Bell Curve The Law Talking Guy Raised by Republicans U.S. West
Well, he's kind of had it in for me ever since I accidentally ran over his dog. Actually, replace "accidentally" with "repeatedly," and replace "dog" with "son."

Tuesday, May 27, 2008

Why Conservatives Fail at Diplomacy

If they speak of diplomacy at all, conservatives speak of it as a tool or a weapon--as just one more instrument one can "use" and then discard at will. At best, conservatives view diplomacy as they seem to view most interpersonal interactions: as zero-sum haggling rather than as a geunine relationship. Conservatives approach diplomacy as though it were some kind of high-powered business deal where the name of the game is to screw the other guy and grab as much as you can get. Conservatives think nations are corporations and a treaty is just another contract.

Thus conservatives fail to see why diplomacy requires honesty, personal and national investment, the institutional equivalent of good listening skills, and symbolic gestures of trust and good faith. Thus conservatives mock the idea that treaties might benefit from constructive ambiguity and fail to grasp that negotiations must sometimes be more about finding common ground than fixing the bottom line. Thus conservatives mistake diplomacy for appeasement... Because for all this corporate talk of modern "win-win" deals, deep down the only relationship conservatives truly believe in is the tug-of-war and the only equilibrium they understand is a stalemate.

In the fight against terrorism, conservatives are blinded by their ideology. They see no real distinction between nation-states and terrorist organizations--all of them are just "actors" on the international stage. (Conservatives only seem to discover the difference when it comes to the Geneva convention.) The term "terrorist state" encapsulates the poverty of this world-view. Diplomacy builds relationships between states, or de facto states with a recognizable constituency and effective territory--it does not "work" with Al-Qaeda-type terrorist organizations. To conflate the two shows how little one understands both of them.

I am no expert on international relations and so I am sure what I have said here is woefully incomplete, and just a mish-mashed re-hashing of well-known arguments. I certainly welcome clarification from those who actually know what they are talking about here! My basic point is this: I think the Bush administration fails at diplomacy for the same reason they fail at economic policy.

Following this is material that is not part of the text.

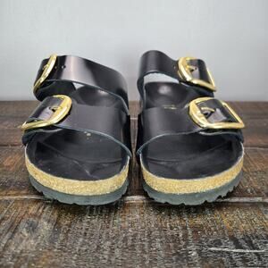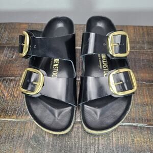 Birkenstock Arizona Big Buckle Womens Size 6 EU 37 Narrow Sandals Black Gold

Bush-Cheney Conservatives have only one ideology and its bankruptcy fails them again and again. When it comes to building nations or economies, on a very deep level they just don't get it.

2 comments:

Raised By Republicans said...

Well, Dr. S. one can hardly be faulted for not examining all the ways in which Conservative foreign policy is flawed. :-)

We could all go on and on about this for ever.

For now, I'll just add that Conservatives (at least the bunch we have in the White House now) fail to understand that states are not the only actors out there.

There are internatioanal organizations like the UN, WTO, the World Bank, IMF, NATO, ASEAN, the EU, etc

There are international non-governmental organizations like Amnesty International and even Al Qaeda.

What's more, even states are not unitary actors and often have rogue elements that act on their own.

The point these guys miss is that big events can happen (like 9/11) that don't have much to do with traditional states.

The Law Talking Guy said...

I fully agree with these sentiments, and have some more along these lines to add. Conservatives bungle diplomacy because they think of it as a sign of weakness. They think 'peace through strength' means you can intimidate your way to security. It doesn't work. Just like allowing everyone to carry concealed weapons will not make us safer, neither do arms races. (Note: ask someone who advocates this if concealed weapons should be allowed in the white house. Turns out they don't mind security zones for their leaders, but they don't see why those safety zones should include schools, churches, parks, or hometowns).

Fundamentally, conservatives don't get the fact that the security dilemma is a collective problem. The prisoner's dilemma is not "solved" by guessing how the other prisoner will respond - it's solved by talking to him.